United States District Court, N.D. Mississippi, Greenville Division

September 29, 2017




         Before the Court are (1) New York Life Insurance Company's “Motion for Summary Judgment and for Dismissal, ” Doc. #25; (2) Michael Willis' unopposed motion to exceed page limits, Doc. #44; and (3) Fried Alligator Films, LLC and Jerry Tankersley's “Motion to Strike New Legal Arguments and Evidence Raised in Rebuttal to their Memorandum Brief in Opposition to Motion for Summary Judgment and for Dismissal, ” Doc. #47.


         Procedural History

         On July 15, 2016, Fried Alligator Productions, LLC and Jerry Tankersley filed a complaint in the Circuit Court of Leflore County, Mississippi, against New York Life Insurance Company (“NYL”), Michael Willis, and John Does 1-10. Doc. #2. In the complaint, Fried Alligator and Tankersley alleged that the defendants sold them a universal life policy, rather than a custom whole life policy proposed by Tankersley, which was to be used as collateral to finance Fried Alligator's business operations up to $5, 000, 000. The plaintiffs further alleged that the universal life policy could not be used for its intended purpose.

         On August 15, 2016, the defendants removed the state court action to this Court on the basis of diversity jurisdiction.[1] Doc. #1 at ¶¶ 4-7. NYL and Willis answered the complaint on August 30, 2016, and September 6, 2016, respectively. Doc. #10; Doc. #12.

         On October 14, 2016, the plaintiffs, with leave of the Court, filed an amended complaint against the defendants. Doc. #22. In the amended complaint, the plaintiffs assert claims for (1) “Negligence, ” (2) “Breach of Fiduciary Duty, ” (3) “Breach of Contract, ” (4) “Breach of Implied-in-fact Contract, ” (5) “Breach of Duty of Good Faith and Fair Dealing, ” (6) “Misrepresentation, ” (7) “Promissory Estoppel, ” (8) “Equitable Estoppel, ” (9) “Third Party Beneficiary, ” (10) “Vicarious Liability, ” and (11) “Gross Negligence and/or Malicious Conduct.” Willis and NYL answered the amended complaint on October 19, 2016, and October 28, 2016, respectively. Doc. #23; Doc. #24.

         On October 28, 2016, NYL filed a “Motion for Summary Judgment and for Dismissal.” Doc. #25. The same day, Willis filed a “Joinder of Defendant Michael Willis in Defendant New York Life Insurance Company's Motion for Summary Judgment or, in the Alternative, for Dismissal, ” in which he joins NYL's motion and asserts additional grounds for summary judgment as to the plaintiffs' contract-related claims against him.
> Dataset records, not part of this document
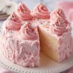 This Beautiful Pink Angel Food Cake is a light, airy dessert with a delicate strawberry flavor and a stunning pink hue. Made by whipping egg whites to stiff peaks and folding in sifted cake flour and sugar, it results in a tender, fluffy cake perfect for celebrations or an elegant treat. The optional rainbow sprinkles add a fun, colorful touch to this classic angel food cake.
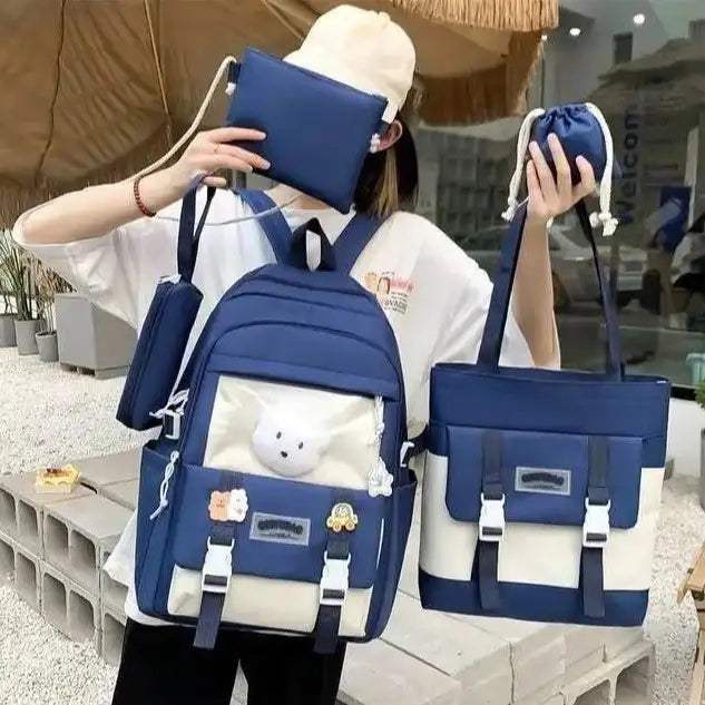 4-Piece Multipurpose Nylon Backpack Set (Girls’ Trendy College & School Set)
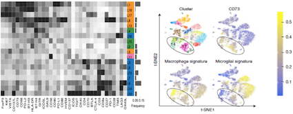 2019年12月,Nature Medicine发表对免疫检查点治疗效果好和不好的5种癌症类型,共94例患者进行单细胞蛋白和单细胞RNA测序,在多形性胶质母细胞瘤中发现了一个独特的CD73hi巨噬细胞群,在抗PD-1治疗后仍然存在。通过构建CD73敲除鼠发现CD73的缺失提高了抗CTLA-4和抗PD-1治疗的多形性胶质母细胞瘤小鼠模型的存活率。证实CD73是一种特异性的免疫治疗靶点,可提高多形性胶质母细胞瘤免疫检查点治疗的抗肿瘤免疫应答。
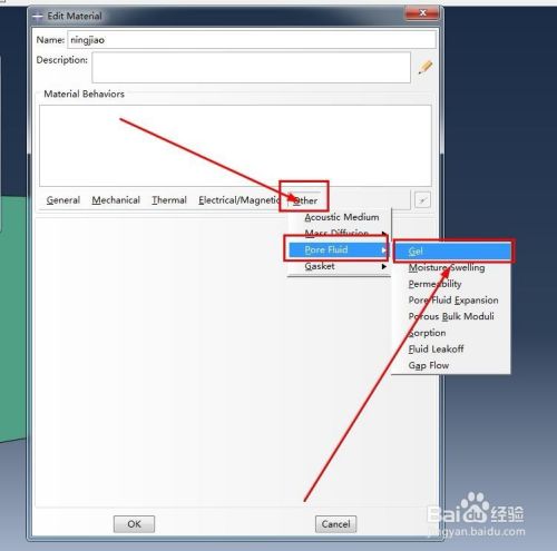 点击界面左侧的【material edit】图标,如图所示,并在弹出的面板上选择【other】-【pore fluid】-【gel】,这就是我们需要定义的
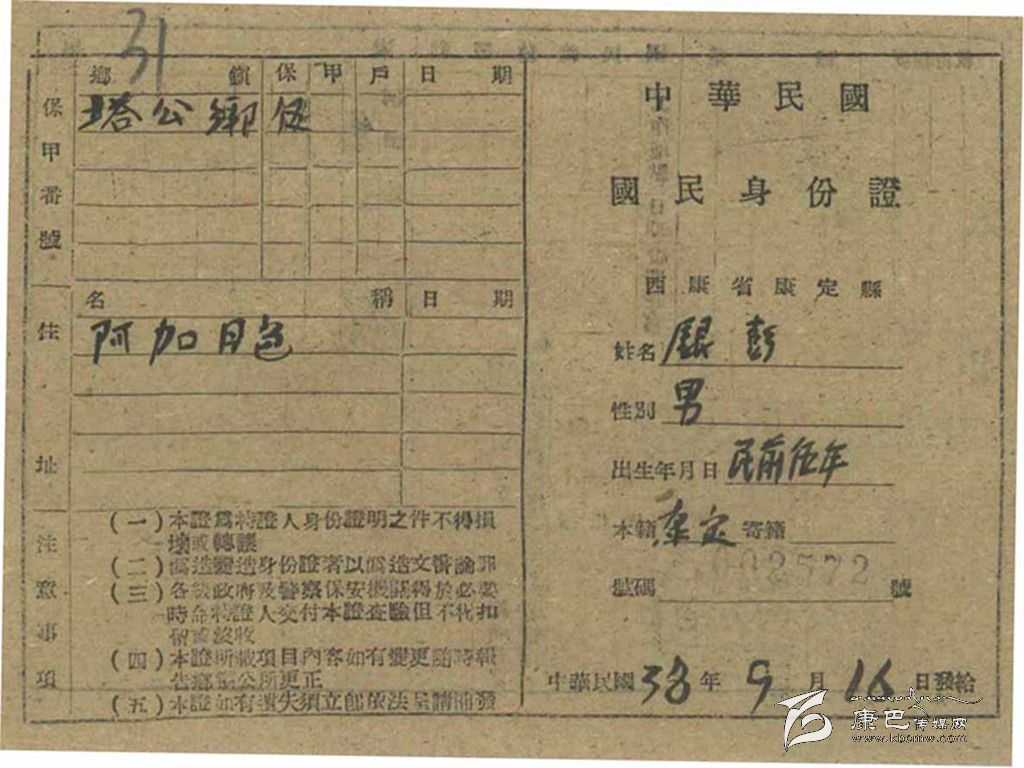 民國(guó)33年,即1944年,西康省民政廳制定《康區(qū)戶口清查辦法》,決定正式清查西康全省戶口。民國(guó)35年,即1946年,康定縣政府對(duì)康定全縣人口進(jìn)行統(tǒng)計(jì)。在1946年時(shí)候,全康定縣共8622戶、36797人,其中男性20889人、女性15908人(不含后重新劃歸康定管轄的所謂“金湯自治局”部分)。爾后開始發(fā)放“國(guó)民身份證”。發(fā)放工作斷斷續(xù)續(xù),延續(xù)數(shù)年,有的人領(lǐng)到,也有的人根本就沒(méi)看到過(guò)這種“國(guó)民身份證”。

Doc. #27. The plaintiffs filed identical responses and supporting memoranda to NYL's motion and Willis' joinder on January 9, 2017.[2] Doc. #28; Doc. #29; Doc. #30; Doc. #31. The next day, the plaintiffs filed a supplement to their responses, Doc. #33, and an affidavit exhibit, Doc. #33-1.

         On January 27, 2017, NYL moved to exceed by 10 pages the page limit for its reply to plaintiffs' responses. Doc. #42. This Court granted the motion in part, allowing NYL an additional five pages. Doc. #43. In the order, the Court noted that inasmuch as the motion was not a joint motion, the order applied only to NYL and no other defendant. Id. at 1 n.1. Willis then moved for an additional five pages to reply. Doc. #44. On January 31, 2017, NYL filed a reply to plaintiffs' responses, which Willis joined. Doc. #45; Doc. #46.

         On February 9, 2017, the plaintiffs filed a motion to strike certain arguments and evidence raised in NYL's reply and Willis' joinder. Doc. #47. On February 21, 2017, NYL responded to this motion, and Willis joined the response. Doc. #49; Doc. #50. On February 28, 2017, the plaintiffs filed a reply. Doc. #51.


         Procedural Matters

         A. Motion to Strike

         The plaintiffs contend in their motion to strike that NYL's reply raises new arguments and is supported by new evidence not previously relied on by NYL in its motion. The plaintiffs request that any new arguments and evidence not be considered by the Court in evaluating the summary judgment motion or, alternatively, that they be given an opportunity to respond. NYL argues that each argument and piece of evidence responds to arguments the plaintiffs raised in their response.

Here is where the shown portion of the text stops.